Refracted P waves traveling to the surface are recorded only until a certain distance from the epicenter. Between 103° and 143° angular distances there are no arrivals. This is the so called “shadow zone”. Beyond 143° refracted P waves disappear. How to explain this?
In 1913, the German geophysicist (naturalized American) Beno Gutenberg (1889 – 1961, at right), who will later collaborate with Richter in creating the scale for earthquakes magnitude, suggested that a strong density increase within the Earth could deviate the seismic rays toward the center, making them surface again further away than expected (see picture at left). Gutenberg calculated this discontinuity to be at a 2900 km of depth, more than half the Earth’s radius (6378-6356 m). This discontinuity took the name of Gutenberg and is considered to be the outer boundary of the Earth’s core, which contains most of the planet’s mass. S waves are not transmitted in the core, or they are strongly slowed down. This is typical of fluid materials. Shear waves can’t be generated in water, let alone transmitted: therefore, the Earth’s core must be composed of a melted material denser than the overlying one.
In 1936, the Danish geophysicist Inge Lehman (1888 – 1993, at right) noted some weak P wave arrivals within the shadow zone. She imagined an inner solid core, with even higher density, that deviated P waves that passed through it so that some could fall into the shadow zone (bottom left). Lehman’s discontinuity is at about 5100 km of depth. S waves generated by interference on this surface can propagate within the inner core. Therefore the inner core must be solid. Several known chemical elements, especially metals, correspond to the density characteristics and physical properties that are consistent with this kind of seismic waves propagation. But for hypothesizing a composition for the inner core, the most widespread elements with such characteristics have been selected. Meteorites are believed to be remnants of former planets or planets that were never able to aggregate. Known meteorites are subdivided into three groups depending on chemical composition: two of them are very similar to crust and mantle composition; the other one is rich in nickel and iron, two elements that easily satisfy the seismic requirements for being in the inner core.

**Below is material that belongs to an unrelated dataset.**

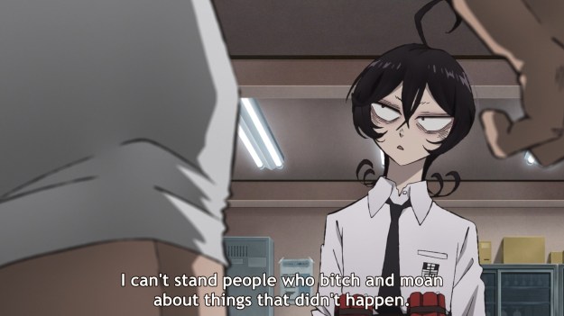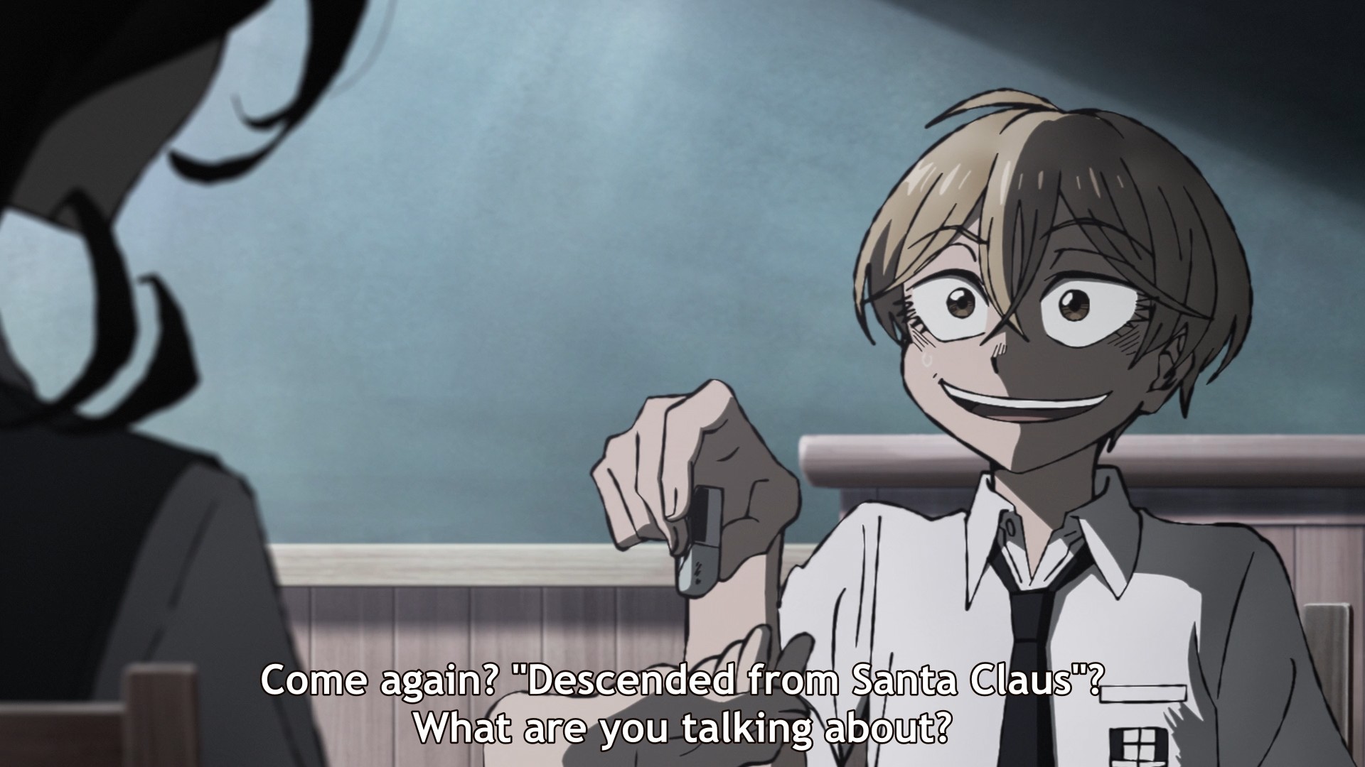 But that’s our show. Santa’s a hulking specimen of a man, and he’s going to fulfill his promise to Fuyumura by hopefully locating Ono. Because I can’t bear to see kids die, I hope the bestie is still alive. As for who ends up with whom, I don’t really care about that right now. So far, I’m not particularly fond of either character. I’m also not sure what to make of the smirking boy at the very end of the episode. And how’s the animation? It has some of Science SARU’s flair, but it’s obviously not as flashy as some of their bigger projects. It’s still pretty entertaining to watch from a visual standpoint, but I don’t think this show will blow me away if the first episode is anything to go by. To sum things up, this is not the best thing I’ve watched this week, but it’s certainly… unique.

In summary, we have three discontinuities within the Earth evidenced thanks to seismic properties. They separate zones with different composition, density, and elastic properties. Therefore they show different seismic velocities: a shallow crust of variable thickness, less dense, overlying a denser mantle; an outer fluid core and an inner solid core, where most of the planet’s mass is concentrated (see picture at right).